The record demonstrates that Defendant served Plaintiff with written discovery comprised of two sets of special interrogatories, two sets of request for production of documents, form interrogatories, and a request for a statement of damages. Gray declaration ¶¶2, 7; see also 1010-19 Gray declaration in support of Defendant’s Motion to Compel, Exs. B-D; 3-22-19 Gray declaration in support of Defendant’s Motion to Compel, Exs. A-B. Plaintiff only responded to a few of the questions with unverified, incomplete answers, and completely failed to respond to the vast majority of discovery requests. Id. ¶¶5, 8; see also 10-10-19 Gray declaration in support of Defendant’s Motion to Compel, Ex. G; 3-22-19 Gray declaration in support of Defendant’s Motion to Compel, Ex. E. The court has since issued two orders compelling Plaintiff to provide complete, verified responses. Monetary sanctions have been imposed on Plaintiff twice for his failure to respond to discovery requests. Plaintiff had notice of these orders. One order was issued at a hearing that Plaintiff attended, 5-1-19 Minute Order, and Defendant served Plaintiff with notice of the second order after the court issued it. The Court’s second order also cautioned Plaintiff that failure to comply with the Court’s orders may result in terminating sanctions. Notice of Entry of Order filed November 26, 2019. Despite this warning, and despite several attempts by Defendant to meet and confer prior to both motions to compel, Gray declaration ¶¶35, 8-9, 13, Plaintiff has not complied with these orders and has not paid any sanctions. Plaintiff also did not oppose Defendant’s motions to compel or this motion. While Plaintiff represents himself, he has been on notice for over nine months, since the Court’s May 1, 2019 order, of the need to provide verified and complete responses and has not done so.
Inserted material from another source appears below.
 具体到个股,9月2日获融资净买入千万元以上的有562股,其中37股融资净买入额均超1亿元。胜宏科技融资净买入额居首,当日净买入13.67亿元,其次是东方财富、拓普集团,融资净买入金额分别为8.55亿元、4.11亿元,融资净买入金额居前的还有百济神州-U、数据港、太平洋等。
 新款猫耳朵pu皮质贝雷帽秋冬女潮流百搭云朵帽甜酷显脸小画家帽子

This conduct suggests that Plaintiff is not interested in pursuing his case and that no lesser sanction would encourage him to comply with his discovery obligations.

If the tentative ruling is uncontested, it shall become the order of the Court. Thereafter, counsel for Defendant shall prepare a written order consistent with the Court’s ruling for the Court’s signature, pursuant to California Rules of Court, Rule 3.1312, and provide written notice of the ruling to all parties who have appeared in the action, as required by law and the California Rules of Court.